В воспоминаниях о Ходасевиче Ю. Терапиано писал:
Мережковский и Гиппиус обвиняли Ходасевича в неспособности понимать метафизику. Действительно, в годы, когда я его знал, Ходасевич не выносил разговоров о «последних вопросах». Иронически, подчас очень зло, он высмеивал Зеленую Лампу и «Тайну трех (с маленькой буквы) за чайным столом» [Терапиано 1953: 86–87].
Под «Тайной трех» разумелся одноименный роман Мережковского (с двумя заглавными буквами), вышедший в 1925 году, и проекция этого названия, как можно предположить, на связанные не в последнюю очередь с именем Мережковских жизнетворческие эксперименты с ménage à trois (см. [Matich 2005: 196–202]). Для Ходасевича внеэстетическая система приоритетов романов Мережковского (выражающаяся и в полном отсутствии в них «жизненности»251, то есть художественной убедительности) не способна была осуществить главной задачи творчества – включения читателей в автономную сферу созерцания и сопереживающего соучастия в «некотором духовном опыте, приближающемся к религиозному», о чем он писал осенью 1926 года в статьях «О кинематографе» («Последние новости», 1926, 28 октября), «Цитаты» и затем в статье «Кровавая пища» [Ходасевич 1996–1997, 2: 136–137].
Если варианты «тайна»/«таинственных» отсылали к Мережковскому, то заключительный вариант – «умышленных» – в первую очередь метил в статью Гиппиус «Прописи», на которую, с легкой руки Адамовича в его рецензии на «Новый дом», оказалась «очень похожа» статья Ходасевича «Цитаты». В своей статье Гиппиус подвергла саркастическому разбору позицию предполагаемых оппонентов «идейности»:
Попробуйте вникнуть в страх перед словом «идеология»: атавистическая природа его тотчас обнаружится. Вы увидите, что «идеология» как-то пристегивается к «тенденции»; тенденция – рассудочность, умышленность, поучение; а поучение и т. д. – посягательство на свободу «свободного искусства», которое… ну и пошла писать старая губерния [Гиппиус 2002: 79].
Ходасевич взял из этого синонимического ряда «умышленность» для «умышленных речей» и «поучение» для строчки «Не поучал Орфей, но чаровал», стремясь как можно явственней эксплицировать свое расхождение с «идейностью» Гиппиус, навязываемой ему Адамовичем.
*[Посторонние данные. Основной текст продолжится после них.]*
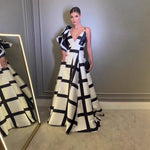 Fashionable Black White Strapless Evening Dress Style Print Backless Street Style Princess Skirt Dress
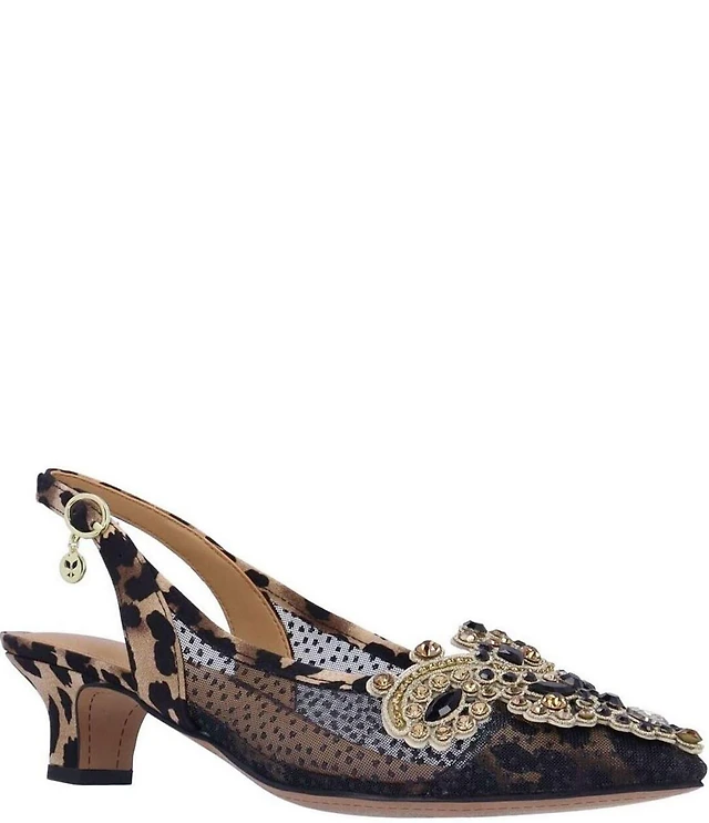 J. Renee Strovanni Leopard Print Mesh Rhinestone Ornament Slingback Pumps

Предположу, что «умышленные речи», откликаясь непосредственно на гиппиусовский контекст, включали в себя и отсылку к Брюсову как еще одному представителю раннего модернизма. В рецензии 1916 года на брюсовский сборник «Семь цветов радуги» Ходасевич предвосхищал мысль, которая наиболее отчетливо прозвучит уже в его эмигрантской критике, о несоответствии Брюсова-человека и Брюсова-поэта:
Как Петербург – «самый умышленный город» в России, так Брюсов был среди нас самый умышленный человек. Как по манию царя город вознесся «из тьмы лесов, из топи блат», так из заветной брюсовской Повседневности встал по воле поэта не совсем настоящий, «идеальный» Брюсов, такой, каким он представлен на Врубелевом портрете, – каким описал его Андрей Белый:
Застывший маг, сложивший руки, —
и в другом месте:
Бледный оборотень, дух…
Я хотел бы, чтобы такой день как можно дольше не наступал, но все-таки такой день однажды настанет: явится биограф Брюсова. И думаю, что этому исследователю во что бы то ни стало придется считаться с намеченным различием между идеальным, умышленным Брюсовым и Брюсовым, жившим в нашей действительности. Может быть, именно в связи с этим различием и будет вскрыта трагедия его творчества [Ходасевич 1996–1997, 1: 464–465].